Nato nel 1936 a Dublino, ma trasferitosi a Londra ancora molto piccolo, Procktor si iscrive alla Slade School of Fine Art nel 1958, dopo essere stato arruolato in marina e aver lavorato come interprete – e spia – in Russia. È negli anni della scuola d’arte che stringe il legame più importante della sua carriera con uno studente del Royal College of Art: David Hockney. «Non potevi parlare di uno senza menzionare l’altro. Erano Castore e Polluce, i gemelli dandy del mondo dell’arte», spiega il critico John McEwen in una biografia a cura del più grande studioso di Procktor, Ian Massey.
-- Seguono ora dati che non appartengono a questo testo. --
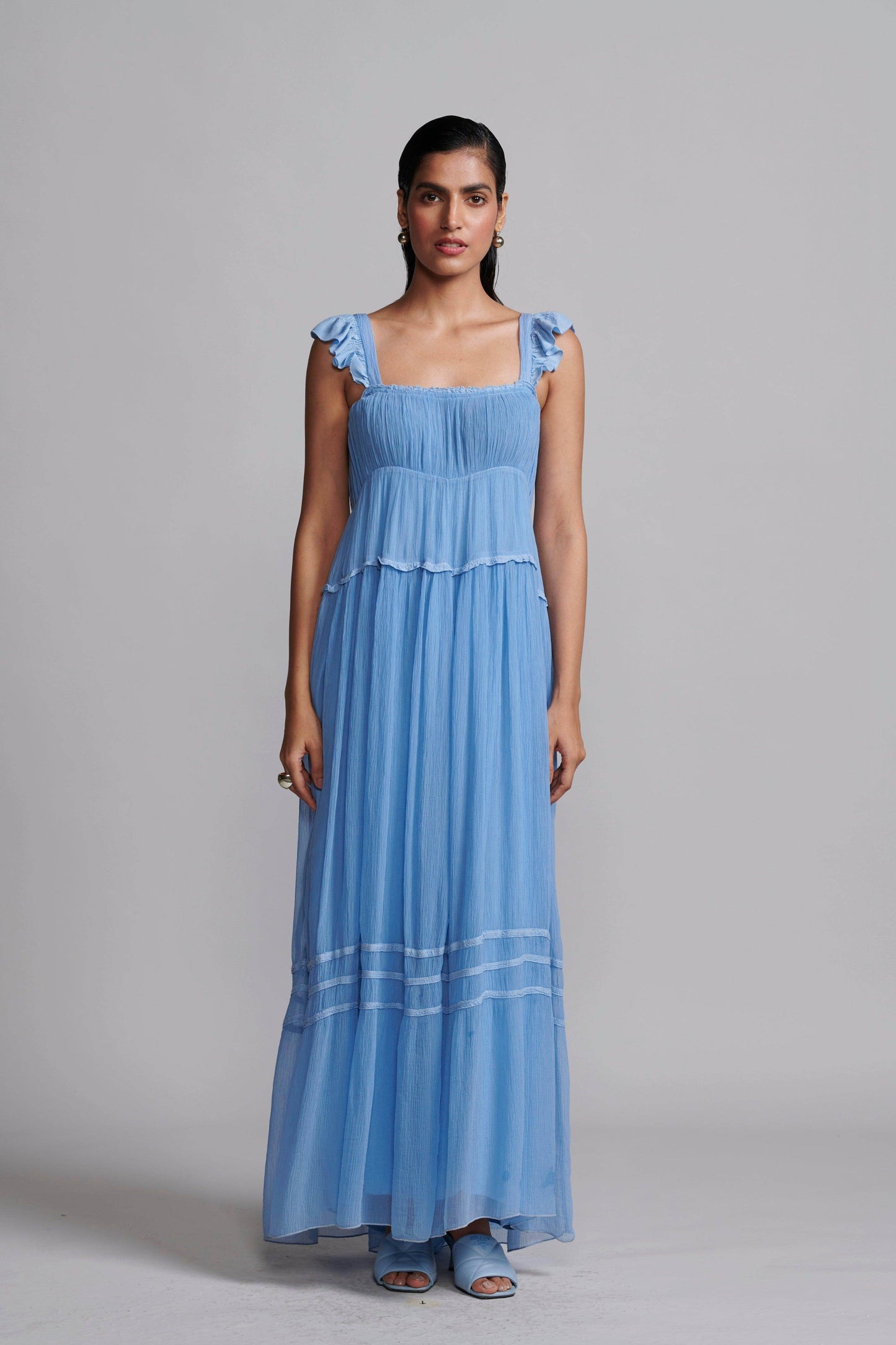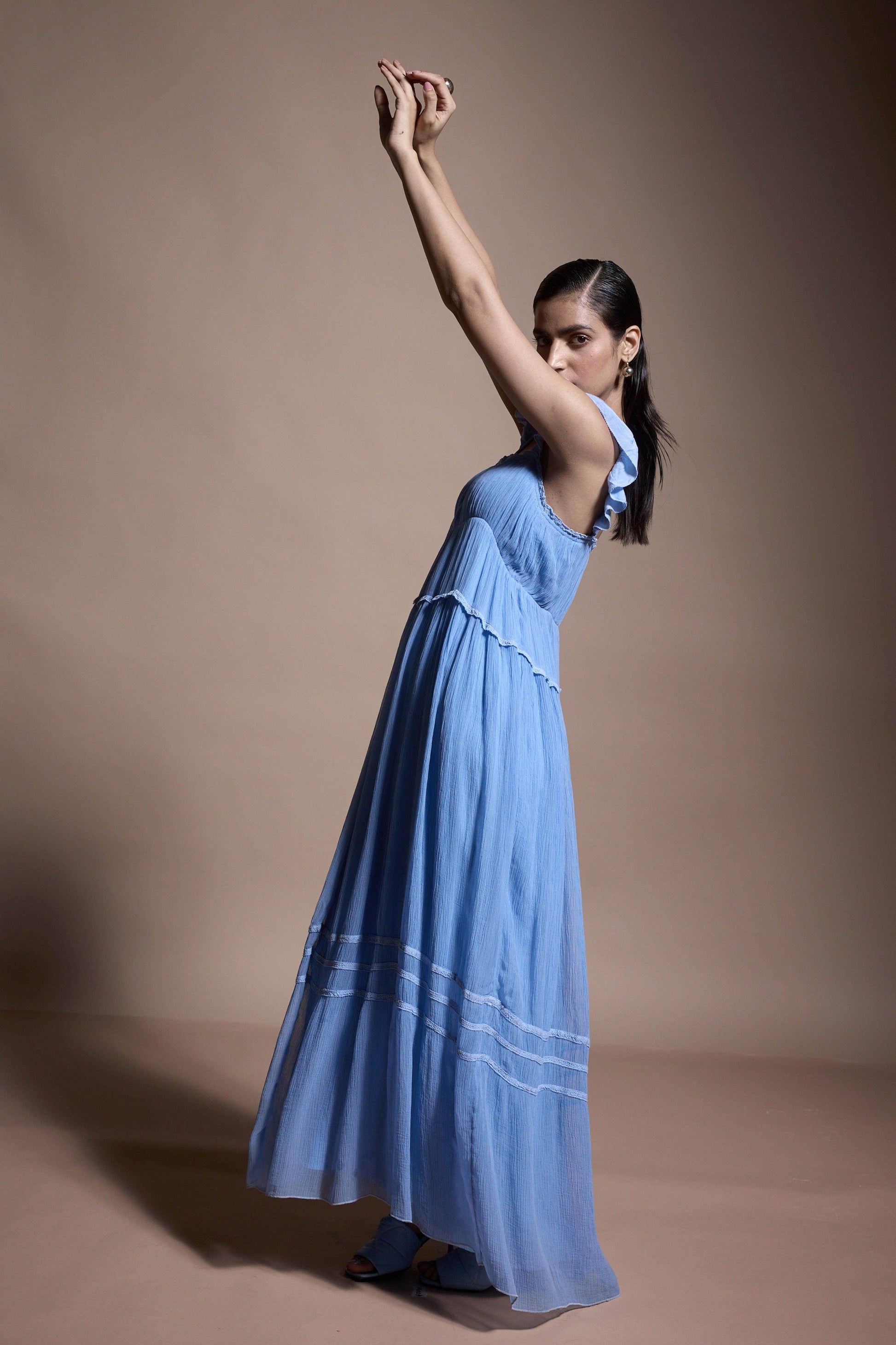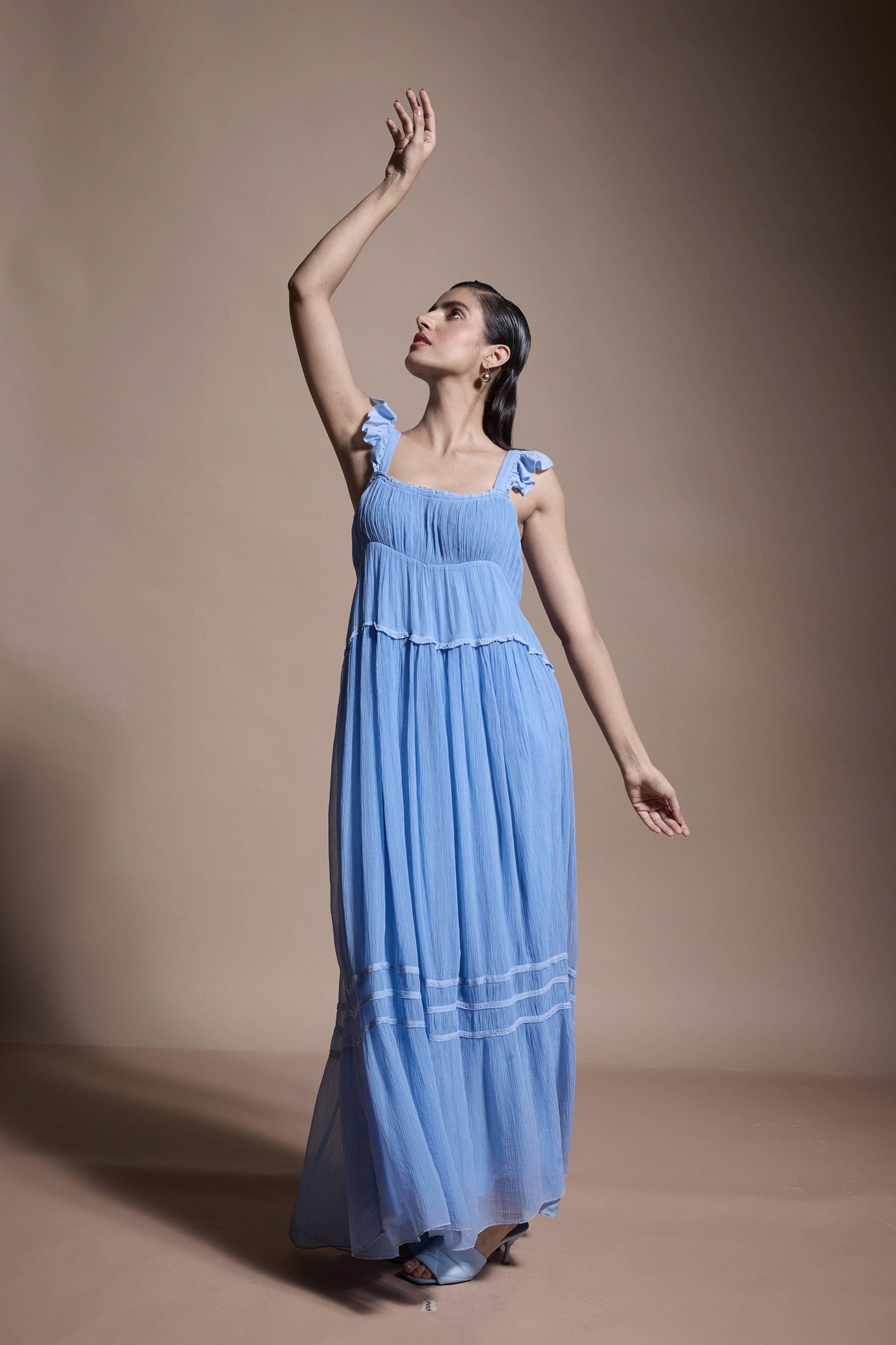 Azure blue tiered maxi dress in soft, breathable crinkled georgette. Features tonal lace appliqué and delicate ruching for added movement. Ruffled shoulder straps. Fully lined.

Ma le carriere dei due artisti non potranno essere più diverse. Se Hockney guarderà all’Occidente, agli Stati Uniti, e soprattutto alla California, gli interessi di Procktor si dirigeranno, invece, verso est, verso il medio e l’estremo oriente. Se Hockney si imporrà nel mercato cercando gallerie sempre più importanti e influenti, Procktor lavorerà, invece, per tutta la sua carriera con la Redfern Gallery, la stessa in cui debutta nel 1962 e che tutt’ora rappresenta la sua opera. Entrambi votati alla figurazione, se gli acrilici di Hockney copriranno di colori piatti e accesi le grandi tele che faranno la storia della pop art britannica, i delicati acquerelli di Procktor funzioneranno per sottrazione, nei silenzi, nella trasparenza dei colori, nei vuoti dei fondi che affiorano nei bianchi a risparmio.
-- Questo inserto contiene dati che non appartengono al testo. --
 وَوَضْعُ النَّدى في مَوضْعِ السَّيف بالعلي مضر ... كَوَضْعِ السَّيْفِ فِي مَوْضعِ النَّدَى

Dai pennelli di Procktor passa tutta la sua vita. I titoli delle sue opere portano i nomi e date di ciò che rappresentano, l’esistenza passa per la carta o per la tela con dediche, appunti, inside jokes che fanno prendere vita e anima ai soggetti, senza sovrastrutture e senza metafore – sono i giochi di parole a suggerire stati emotivi e di introspezione, come nel caso di uno dei migliori lavori esposti, “Eye Sea You (February 1969)”: un autoritratto, l’unico momento in cui a nostri occhi di spettatori non offre il suo punto di vista ma il suo sguardo, quasi celato dietro un monocromo, da cui spunta come in una caricatura, una vignetta umoristica.
Ma c’è un altro momento cruciale, inedito, offerto alla mostra di Palazzo Bentivoglio dall’allestimento magistralmente progettato da Davide Trabucco: un triangolo semiotico, un gioco di forze tra significato, significante e referente offerto dalla presenza dell’acquerello “Picasso Pots at Cecil Beaton’s (1 April 1968)”, dei due vasi di Picasso rappresentati, “Chouette Femme” (1951) e “Chouetton” (1952), e il ritratto fotografico di Procktor per eccellenza, scattato dall’amico Cecil Beaton “Patrick Procktor from Dublin – six foot five inches of talent (April 1967)”. Un cerchio magico, che racconta in tutta la sua grandezza la poetica di un maestro dell’arte che non bisogna più far soccombere al tempo.